Data provided >>

────

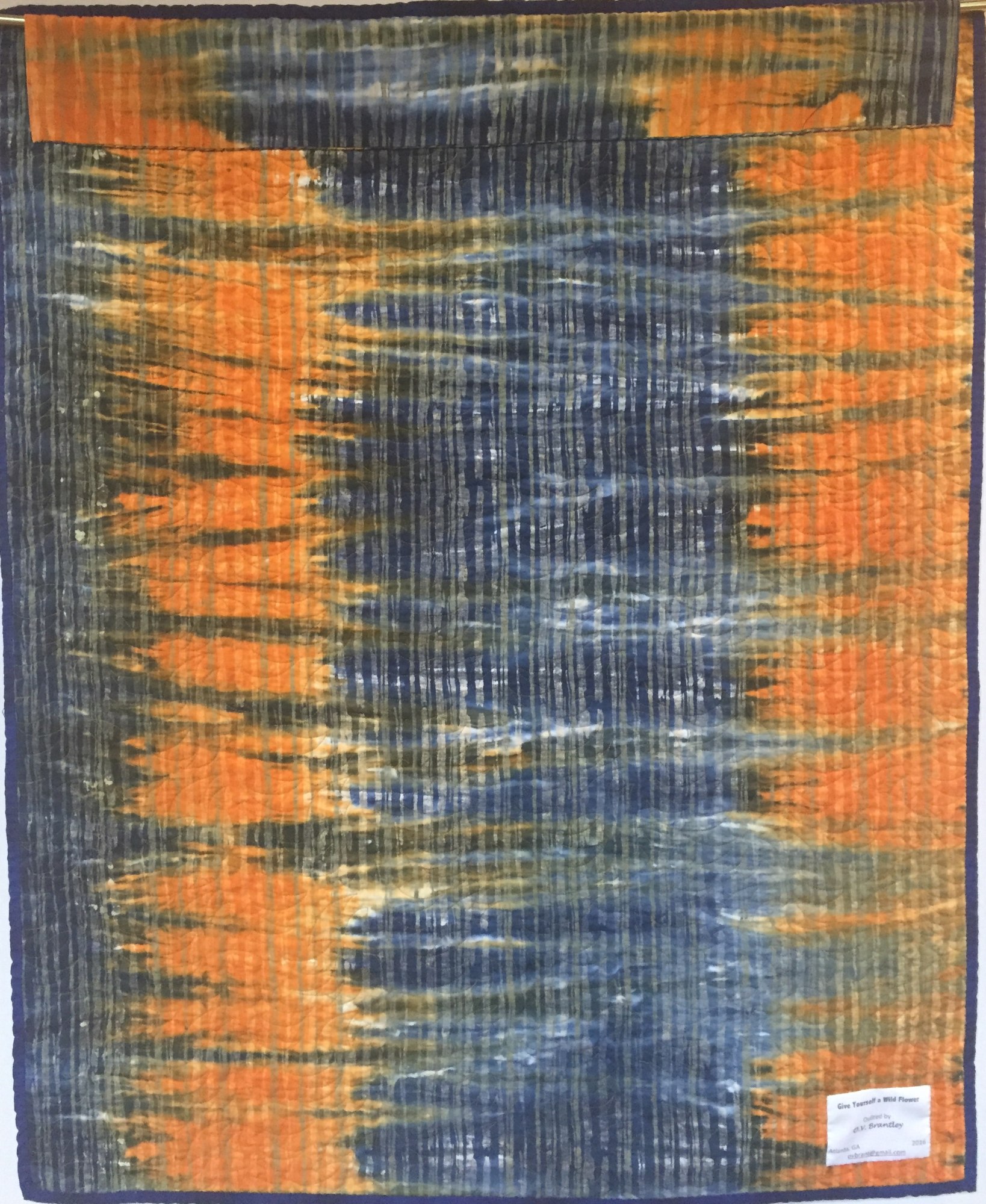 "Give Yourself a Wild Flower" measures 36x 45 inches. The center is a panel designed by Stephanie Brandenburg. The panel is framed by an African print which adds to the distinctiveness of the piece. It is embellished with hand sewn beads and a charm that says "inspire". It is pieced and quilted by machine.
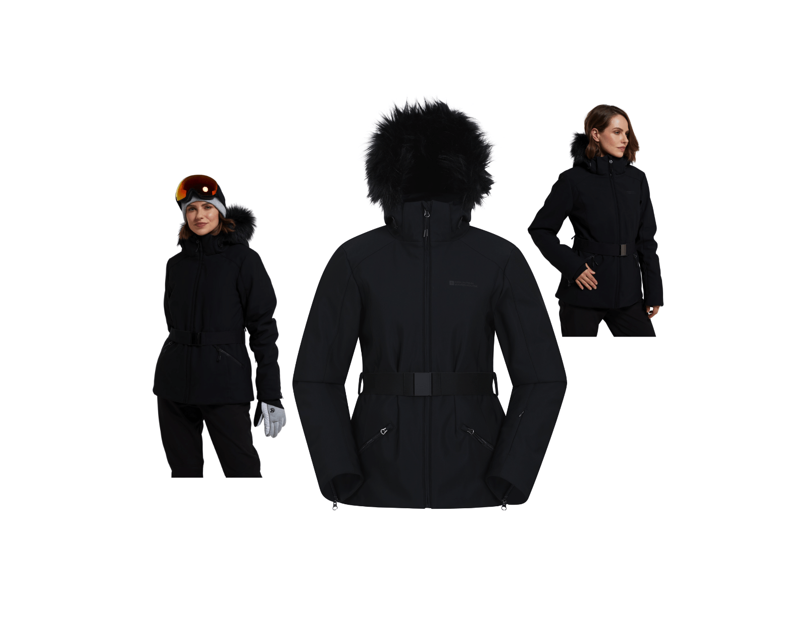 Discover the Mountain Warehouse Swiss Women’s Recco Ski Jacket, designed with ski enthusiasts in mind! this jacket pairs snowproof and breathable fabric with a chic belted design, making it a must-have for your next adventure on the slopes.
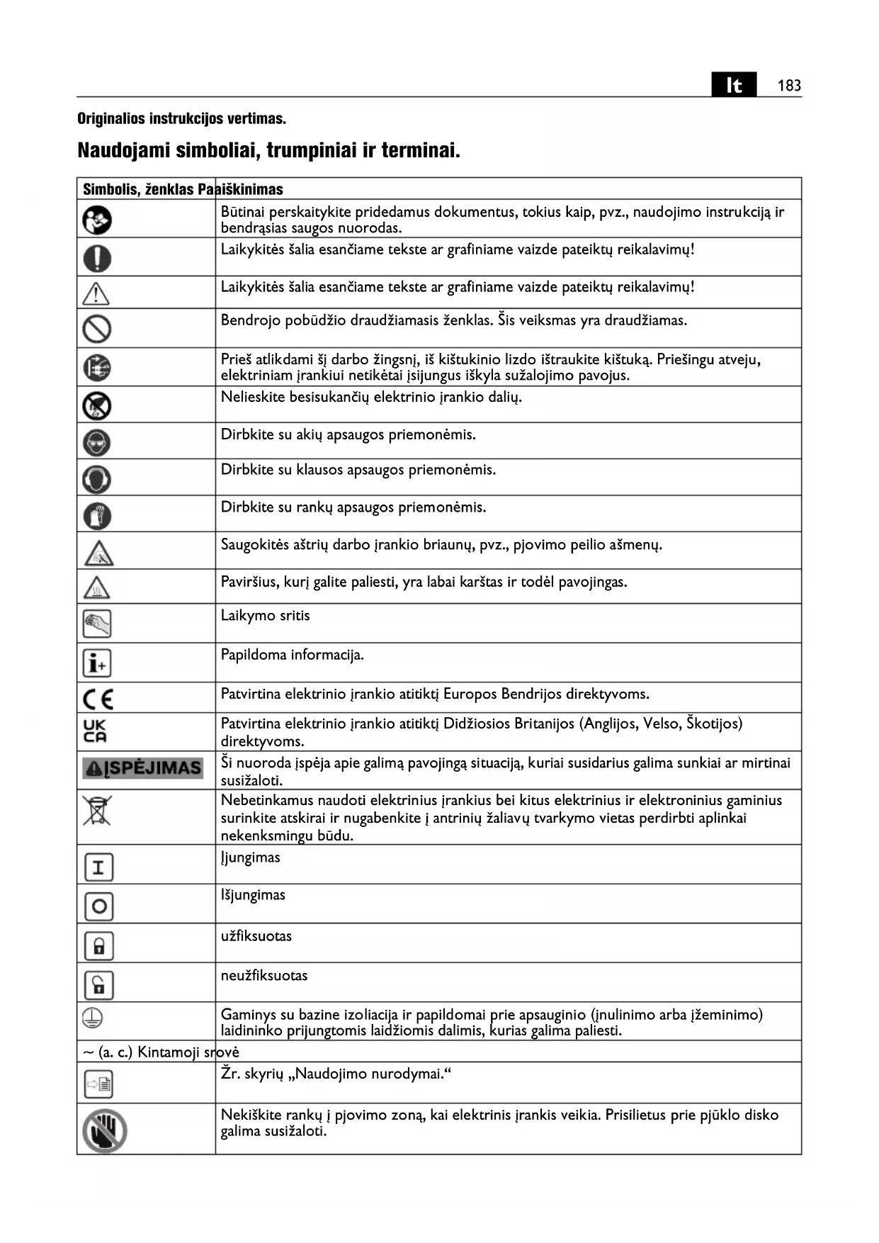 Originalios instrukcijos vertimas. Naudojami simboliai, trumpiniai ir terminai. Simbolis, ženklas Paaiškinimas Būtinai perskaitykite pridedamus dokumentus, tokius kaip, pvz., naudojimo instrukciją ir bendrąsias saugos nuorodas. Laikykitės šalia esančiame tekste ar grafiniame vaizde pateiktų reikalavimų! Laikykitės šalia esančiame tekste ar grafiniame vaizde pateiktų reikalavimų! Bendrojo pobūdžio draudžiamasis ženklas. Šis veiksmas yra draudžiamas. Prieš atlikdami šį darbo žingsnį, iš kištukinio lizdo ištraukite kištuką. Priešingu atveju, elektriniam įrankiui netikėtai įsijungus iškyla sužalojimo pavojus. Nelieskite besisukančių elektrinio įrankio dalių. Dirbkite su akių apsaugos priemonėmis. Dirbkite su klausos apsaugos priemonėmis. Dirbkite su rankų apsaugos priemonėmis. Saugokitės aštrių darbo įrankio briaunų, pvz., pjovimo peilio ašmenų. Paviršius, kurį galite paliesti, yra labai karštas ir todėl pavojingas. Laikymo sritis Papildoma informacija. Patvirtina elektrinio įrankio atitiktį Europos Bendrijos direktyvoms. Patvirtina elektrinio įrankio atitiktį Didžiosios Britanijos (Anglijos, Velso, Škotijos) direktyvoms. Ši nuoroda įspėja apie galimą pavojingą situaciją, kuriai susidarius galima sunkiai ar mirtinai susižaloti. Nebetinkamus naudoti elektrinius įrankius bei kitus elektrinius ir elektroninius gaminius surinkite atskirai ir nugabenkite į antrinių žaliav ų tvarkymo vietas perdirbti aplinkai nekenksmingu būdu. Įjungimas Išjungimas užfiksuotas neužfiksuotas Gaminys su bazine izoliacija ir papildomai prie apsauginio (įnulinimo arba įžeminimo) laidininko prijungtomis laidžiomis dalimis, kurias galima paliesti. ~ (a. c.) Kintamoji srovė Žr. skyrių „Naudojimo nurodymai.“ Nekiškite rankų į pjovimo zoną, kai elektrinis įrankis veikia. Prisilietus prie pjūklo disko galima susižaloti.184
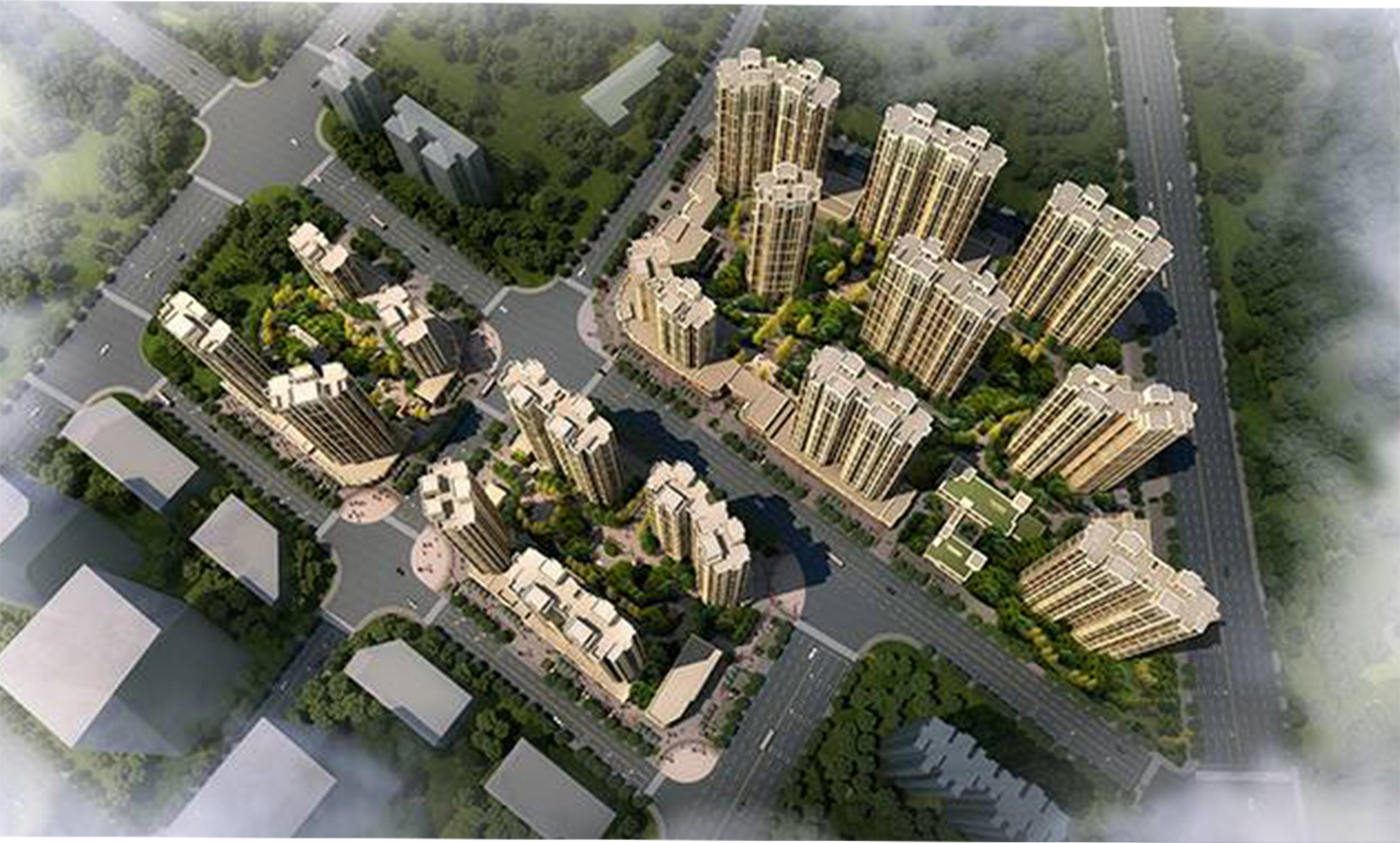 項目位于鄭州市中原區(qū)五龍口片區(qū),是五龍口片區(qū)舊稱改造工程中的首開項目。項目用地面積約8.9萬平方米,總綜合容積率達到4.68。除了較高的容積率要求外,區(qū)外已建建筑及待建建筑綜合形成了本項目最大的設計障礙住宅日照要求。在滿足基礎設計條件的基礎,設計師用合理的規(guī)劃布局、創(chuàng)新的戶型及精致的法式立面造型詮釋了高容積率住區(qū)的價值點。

────

Activity >> Your answer should contain only the lines from the beginning of the listing above through the line with "Discover the Mountain", copied exactly and without the pictures.

Answer space >>
 "Give Yourself a Wild Flower" measures 36x 45 inches. The center is a panel designed by Stephanie Brandenburg. The panel is framed by an African print which adds to the distinctiveness of the piece. It is embellished with hand sewn beads and a charm that says "inspire". It is pieced and quilted by machine.
 Discover the Mountain Warehouse Swiss Women’s Recco Ski Jacket, designed with ski enthusiasts in mind! this jacket pairs snowproof and breathable fabric with a chic belted design, making it a must-have for your next adventure on the slopes.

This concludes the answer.